RECORDS SUPPLIED Block Start

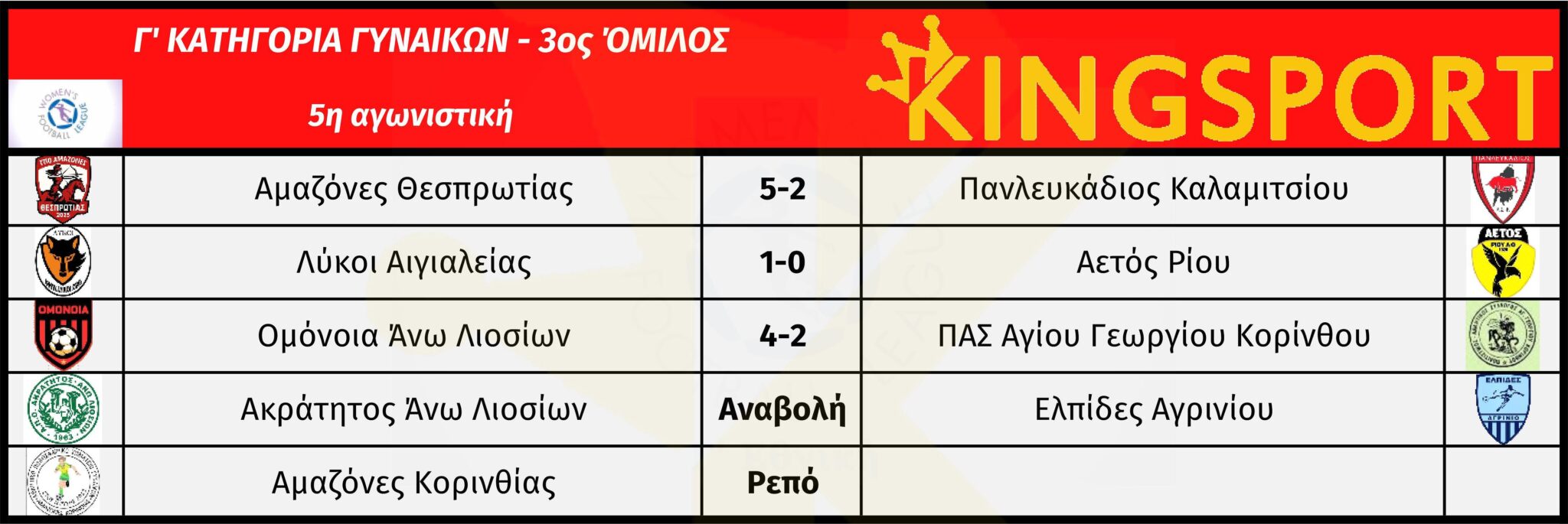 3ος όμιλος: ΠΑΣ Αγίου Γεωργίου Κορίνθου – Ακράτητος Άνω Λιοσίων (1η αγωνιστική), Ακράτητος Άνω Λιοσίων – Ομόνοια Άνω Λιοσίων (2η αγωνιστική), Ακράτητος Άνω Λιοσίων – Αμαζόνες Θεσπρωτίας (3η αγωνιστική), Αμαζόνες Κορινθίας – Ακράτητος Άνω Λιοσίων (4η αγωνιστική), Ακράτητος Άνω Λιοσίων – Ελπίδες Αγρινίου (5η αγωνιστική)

RECORDS SUPPLIED Block End
RECORDS SUPPLIED Block Start

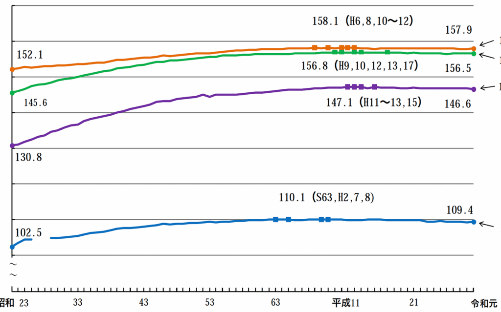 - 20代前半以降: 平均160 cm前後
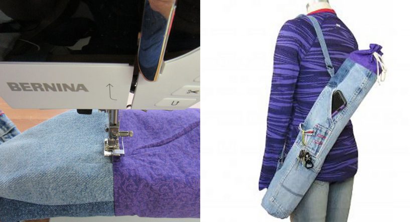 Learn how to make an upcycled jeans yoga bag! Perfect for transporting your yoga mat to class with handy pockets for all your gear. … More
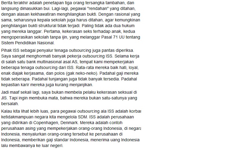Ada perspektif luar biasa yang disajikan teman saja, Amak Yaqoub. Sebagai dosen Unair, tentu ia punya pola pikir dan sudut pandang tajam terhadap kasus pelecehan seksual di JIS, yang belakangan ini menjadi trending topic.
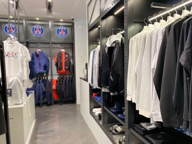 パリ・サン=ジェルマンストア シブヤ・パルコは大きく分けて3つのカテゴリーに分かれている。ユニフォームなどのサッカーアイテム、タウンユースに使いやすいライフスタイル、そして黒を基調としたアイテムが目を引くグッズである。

RECORDS SUPPLIED Block End

EXERCISE
Look above for the line holding "Ada perspektif luar" and output everything from it down to the line holding "パリ・サン=ジェルマンストア", both ends included, exactly and without images.

YOUR SOLUTION
Ada perspektif luar biasa yang disajikan teman saja, Amak Yaqoub. Sebagai dosen Unair, tentu ia punya pola pikir dan sudut pandang tajam terhadap kasus pelecehan seksual di JIS, yang belakangan ini menjadi trending topic.
 パリ・サン=ジェルマンストア シブヤ・パルコは大きく分けて3つのカテゴリーに分かれている。ユニフォームなどのサッカーアイテム、タウンユースに使いやすいライフスタイル、そして黒を基調としたアイテムが目を引くグッズである。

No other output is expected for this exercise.